Quando relevante, o exame físico deve incluir exame neurológico (força, sensibilidade,
dermátomos acometidos) e/ou exame musculoesquelético (sinais inflamatórios, pontos
dolorosos, contraturas musculares, exame das articulações).
A dor visceral apresenta localização difusa e início insidioso. Pode ser continua ou em
cólicas, e ter área de projeção em camadas superficiais (dor referida). São exemplos as
dores relacionadas a pancreatite, úlcera péptica, neoplasias de fígado e cólon.
A dor neuropática é definida como aquela causada por lesão ou disfunção do sistema
nervoso, resultando da ativação anormal da via nociceptiva (fibras de pequeno calibre e
trato espinotalâmico). Suas principais causas são neuropatia por diabetes melito, neuralgia
pós-herpética, neuralgia trigeminal, dor regional complexa, dores relacionadas a acidente
vascular encefálico, esclerose múltipla ou lesão medular, entre outros. É descrita como uma
dor em “queimação”, em “choques” ou lancinante, e o paciente pode apresentar alterações
de sensibilidade tais como alodinia.
Dor persistente é mais bem tratada com esquemas de fármacos e doses fixos.
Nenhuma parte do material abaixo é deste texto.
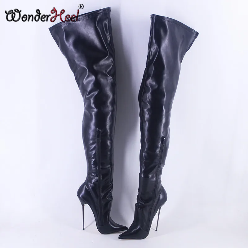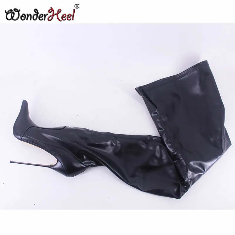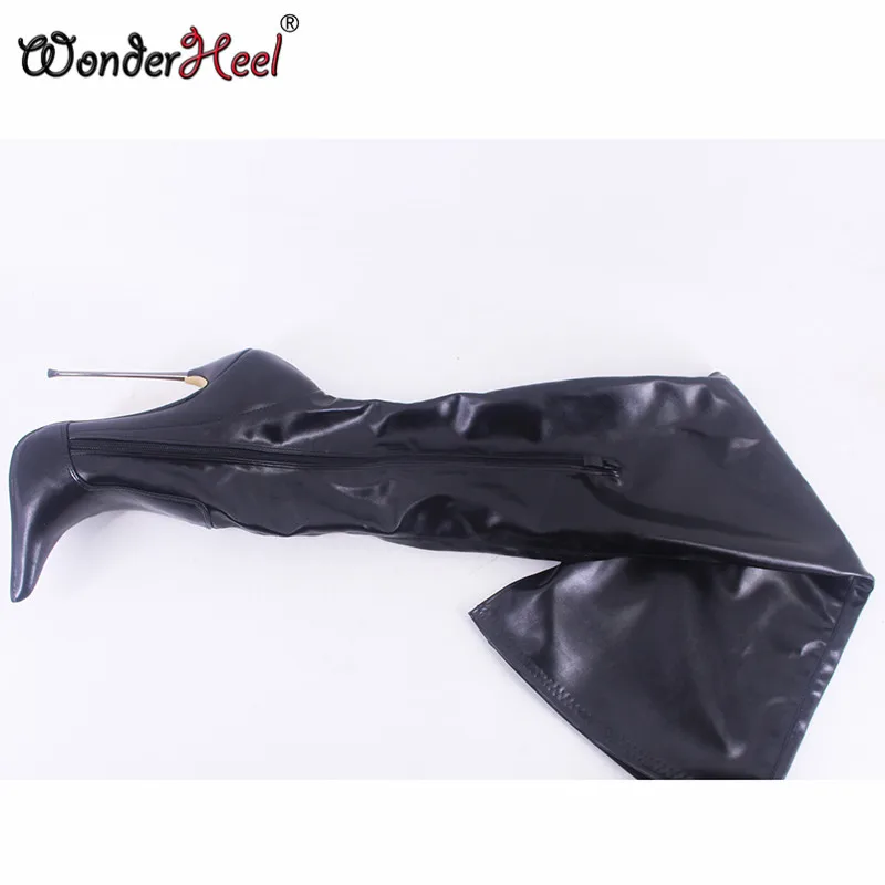 Wonderheel New 16cm Ultra Thin Metal heel Extreme high heel Matt Leather Pointed Toe Sexy Crotch Boots Nightclub Over Knee Boots

O uso repetido de doses adicionais, em esquema de demanda (“se necessário”) aponta
para a necessidade de revisão da analgesia basal (em esquema de doses fixas).
A prescrição deve especificar parâmetros objetivos para a administração de analgésicos
de demanda (intensidade da dor, intervalo mínimo de uso e/ou dose máxima diária).
Tratamento analgésico eficaz é aquele que reduz a intensidade da dor em pelo menos
50%, propiciando melhora de padrão de sono e desempenho locomotor,
desaparecimento de posturas antálgicas, realização de movimentos respiratórios e
tosse efetiva com conforto, diminuição de espasmos musculares, incapacidade
funcional e outras manifestações dependentes de localização e intensidade da dor.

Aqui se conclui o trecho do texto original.